Bahceli mengatakan draf itu bertujuan untuk memperbarui pemahaman tentang hak-hak dasar dan kebebasan. Bahceli dan MHP sebelumnya telah menyerukan pelarangan partai utama pro-Kurdi yang dianggap membahayakan persatuan nasional.
Para pemilih Turki pada 2017 menyetujui revisi konstitusi saat ini yang menetapkan sistem presidensial eksekutif sebagai pengganti demokrasi parlementer. Revisi konstitusi itu mendapatkan pertentangan yang keras dari partai oposisi dan kelompok hak asasi manusia.
Erdogan terpilih sebagai presiden di bawah pengaturan baru pada 2018. Akan tetapi dia menginginkan perubahan konstitusi lebih lanjut.
AKP dan MHP memiliki mayoritas parlemen tetapi jumlah mereka tidak cukup untuk menyerukan referendum.

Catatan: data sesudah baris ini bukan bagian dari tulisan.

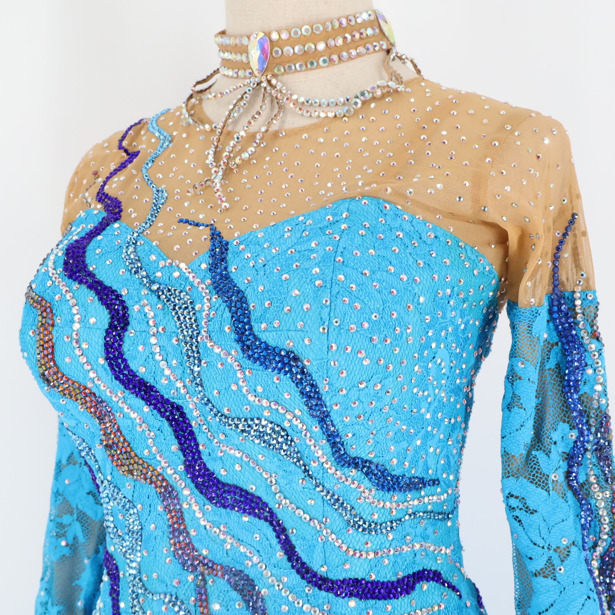 【社交ダンス衣装】ブルー アトリエjyojyo ワンピース ドレス 水色 青 フリル レース グラデーション デモ 競技用 ビーズ クロッチ 長袖 ダンス用 パーティ 発表会 レディース コスチューム 白 ビジュー ラインストーン
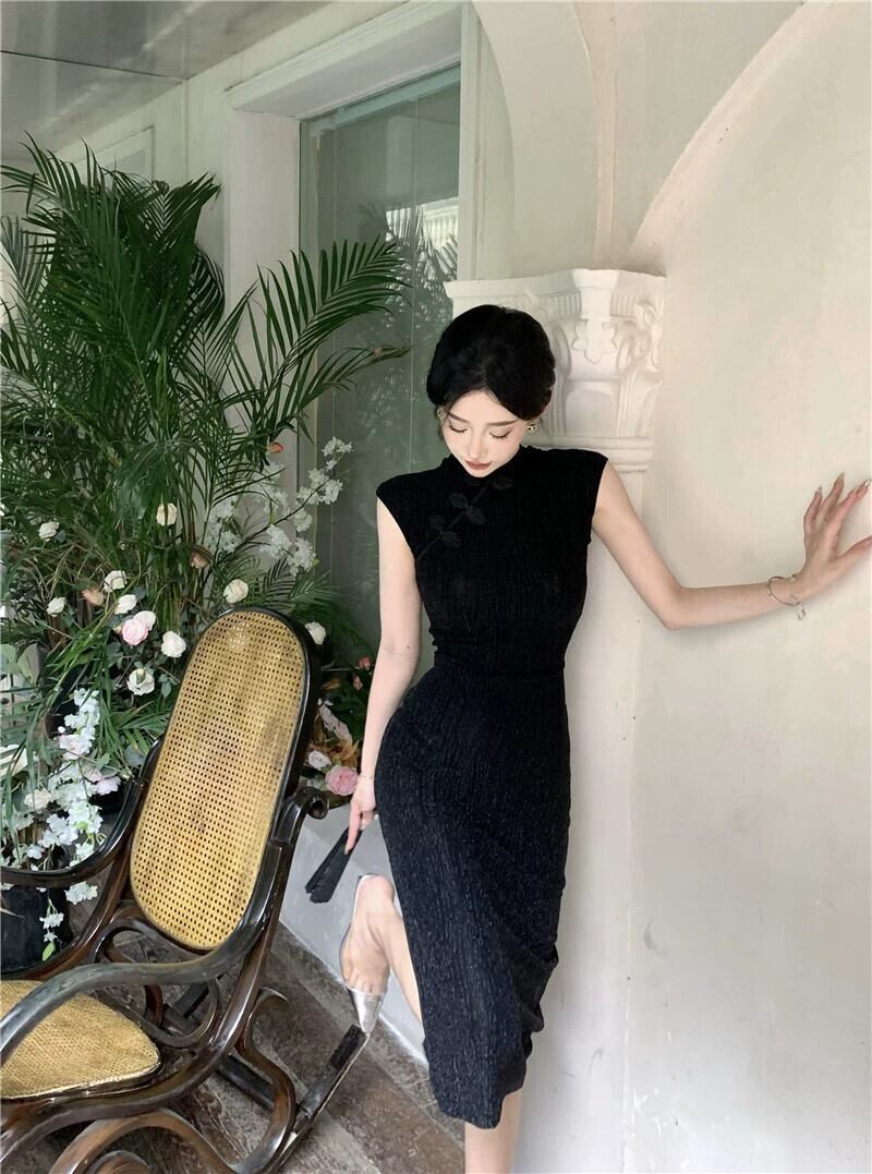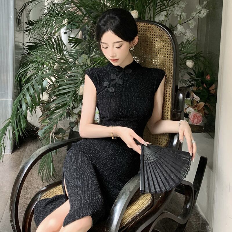 -スタイルの高貴なチャイナドレス、若いスタイル、ハイエンドの気質、黒の光沢のあるシルク、中国風のドレスの毎日の改良版 ブラック yeyij54600268748

Konstitusi Turki yang ada diadopsi pada tahun 1982 setelah kudeta militer dan telah diubah berkali-kali selama bertahun-tahun.
Kelompok hak asasi manusia dan sekutu Barat Turki telah mengkritik rencana perubahan konstitusional. Mereka menilai perubahan itu sebagai peningkatan otoritarianisme di bawah Erdogan, terutama sejak upaya kudeta 2016 yang mendorong tindakan keras terhadap lawan-lawannya. Otoritas Turki mengatakan perubahan konstitusional itu diperlukan untuk keamanan nasional.